Janardhan Gehlot After a tenure of close to two decades, Gehlot, currently serving as the President of the International Kabaddi Federation(IKF) was forced to step down from his post owing to the implementation of the National Sports Code in 2013, which prevented any official from assuming the president's position for more than a maximum period of four years, over three terms. However, that made no difference as Gehlot's wife Mridula Gehlot, a gynaecologist by profession assumed the role in 2013 and was re-elected for four years in April 2017 which saw the pattern presenting no new winds of change. Aghast at the re-election of an official who had no prior experience playing or administrating with any positive effect on Indian Kabaddi, the NKFI filed a petition for the removal of Mridula Gehlot from the post, which received a positive response. Ahead of the Asian Games, representatives from the NKFI approached the High Court with an appeal on the lines of the hidden bribery that gave the players an extended run in Indian colours. Not wanting any hindrance to the Indian campaign at the Games, the decision was taken to put the allegation into motion post the Asian Games.

Indo-International Kabaddi League, a league of opportunities

According to sources, it has also come to notice that some players, fearing their careers in the Pro Kabaddi League have also opted out from taking part in the upcoming selection process. "The NKFI is planning to launch a new league, which has already received a lot of support from the rest of the world. All this to give an opportunity for the hidden talent to shine," says Prasad Babu. 

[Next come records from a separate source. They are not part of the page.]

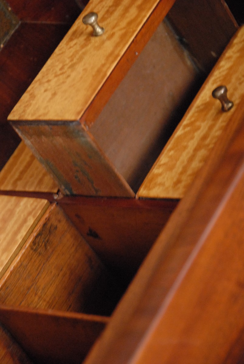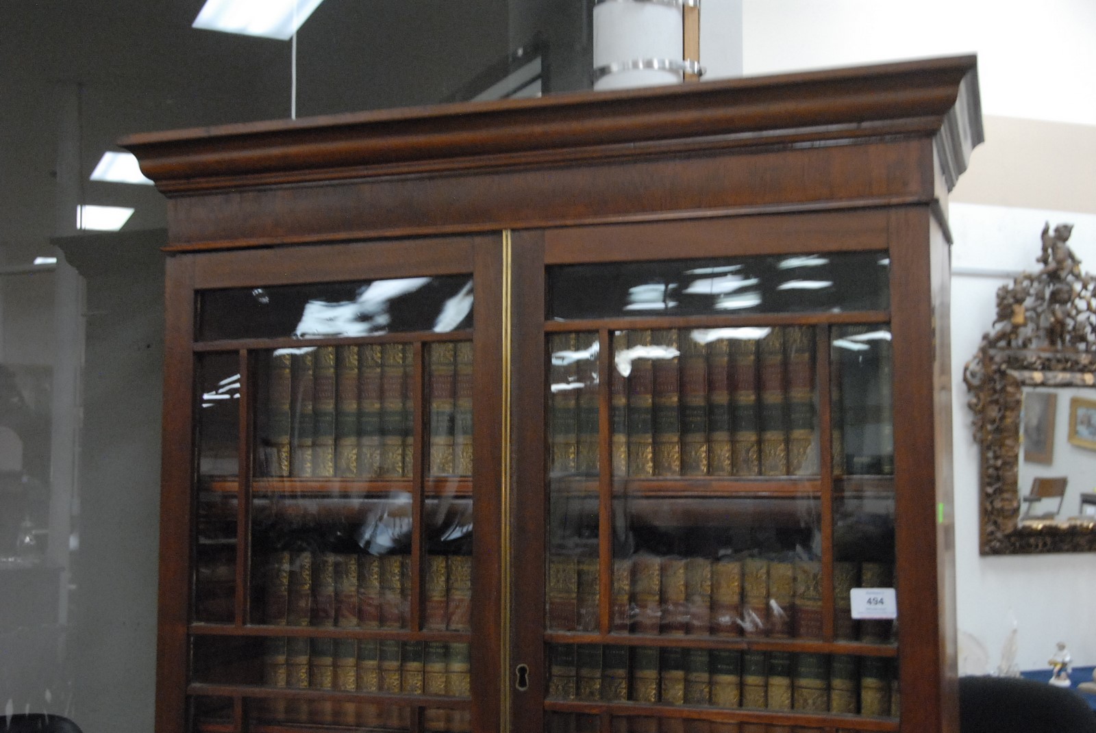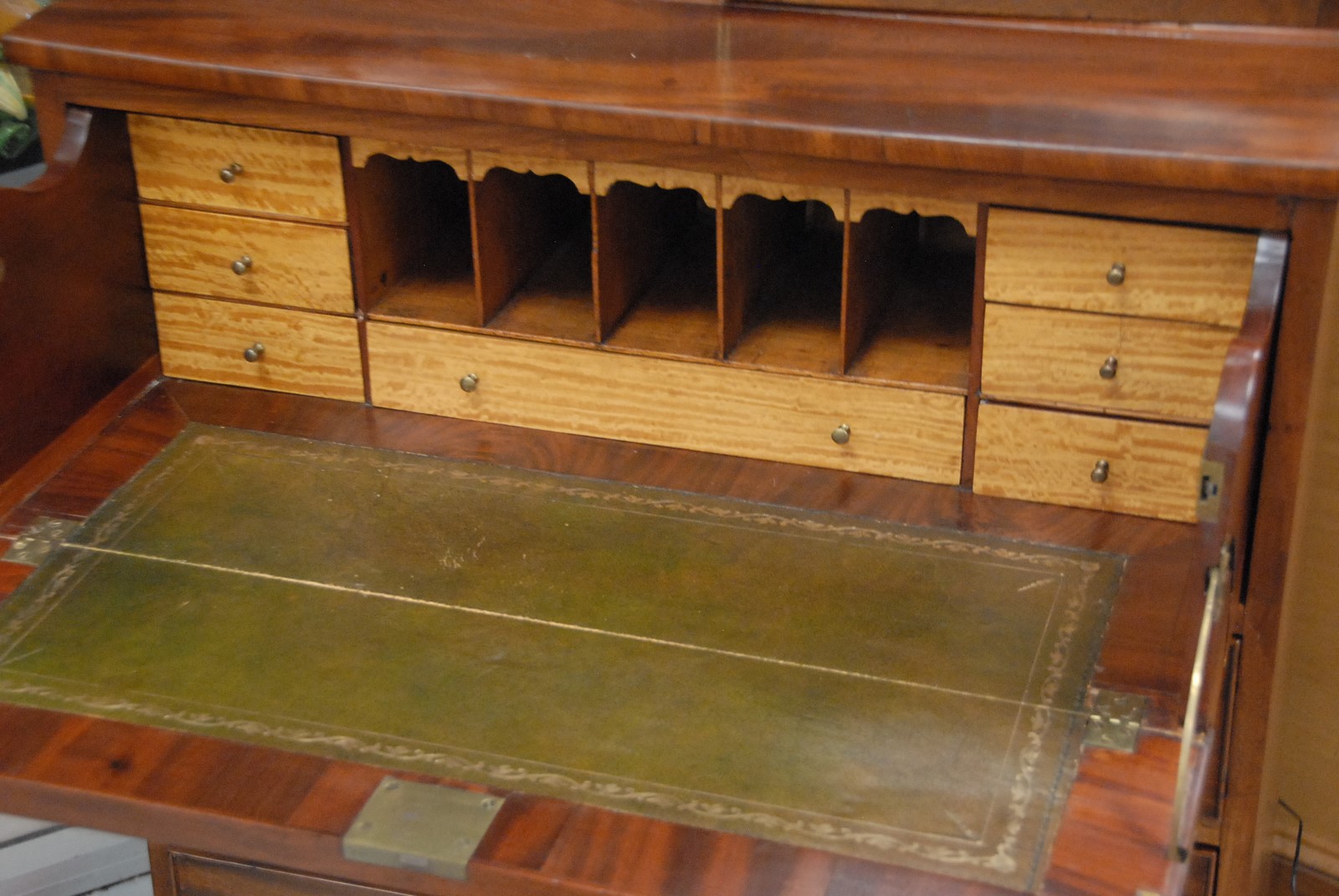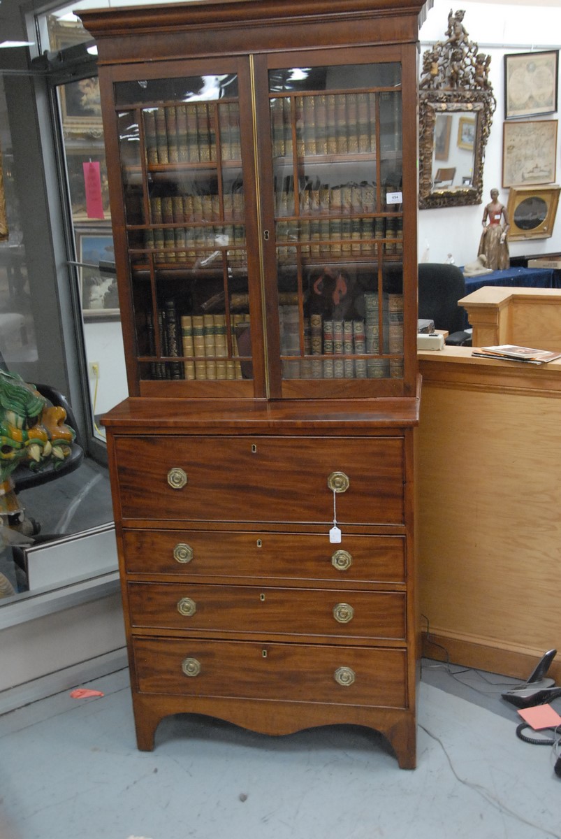 Lot 494: George IV mahogany sectional desk in two parts, upper section with two glass doors over pull-out desk compartment over three drawers. ht. 78 in. wd. 31 1/4 in. dp 19 in.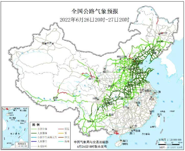 交通運(yùn)輸部出行提示:6月26日20時(shí)至27日20時(shí),四川盆地東部和南部、重慶大部、陜西東南部、湖北西部、河南中東部、山東、蘇皖北部、北京、天津、河北中東部、遼寧、吉林東南部、內(nèi)蒙古東南部等地有大到暴雨,其中,四川盆地東北部、重慶西部和北部、山東中部、河南東部、遼寧東部等地的部分地區(qū)有大暴雨。另外,黑龍江北部和南部、河北西北部、青海東北部、西藏北部、廣西東南部局地有霧。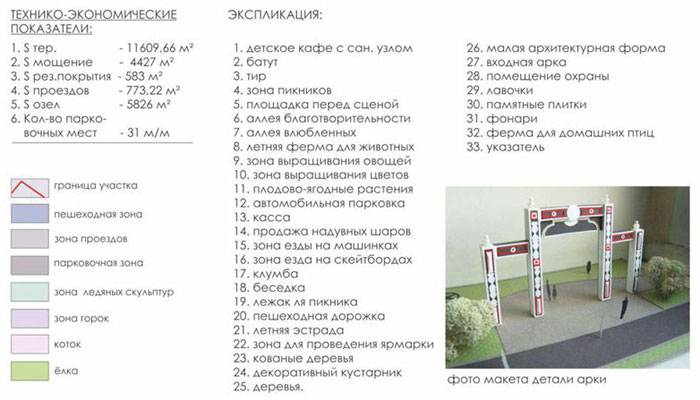 Проектом предусмотрено создание и размещение сезонных обслуживающих объектов и капитальных строений предприятий общественного питания.

NKFI v AKFI, a battle to decide Indian kabaddi's future

Now, the NKFI continues to wage a struggle against the politics that has surrounded Indian kabaddi and hopes to start a fresh chapter. A chapter that could see the nation unearth finer talents to represent the country in the future. Ultimately, it all boils down to the all-important battle, which will also serve as the selection process at the Thyagarajan Sports Complex in Delhi on the 15th of September at 11:00 AM. The whole process will also be 'videographed and a copy of which will be preserved by the Sports Association of India and one more to be presented in court'. It is also mentioned that 'The selection process will be presided by a combination of three selectors, who shall be appointed by the Secretary of Ministry of Youth Affairs and Sports'. Ultimately, this could all boil down to it emerging as a utilitarian clash that could well put Indian kabaddi in either a pandemonium or in a position of strength.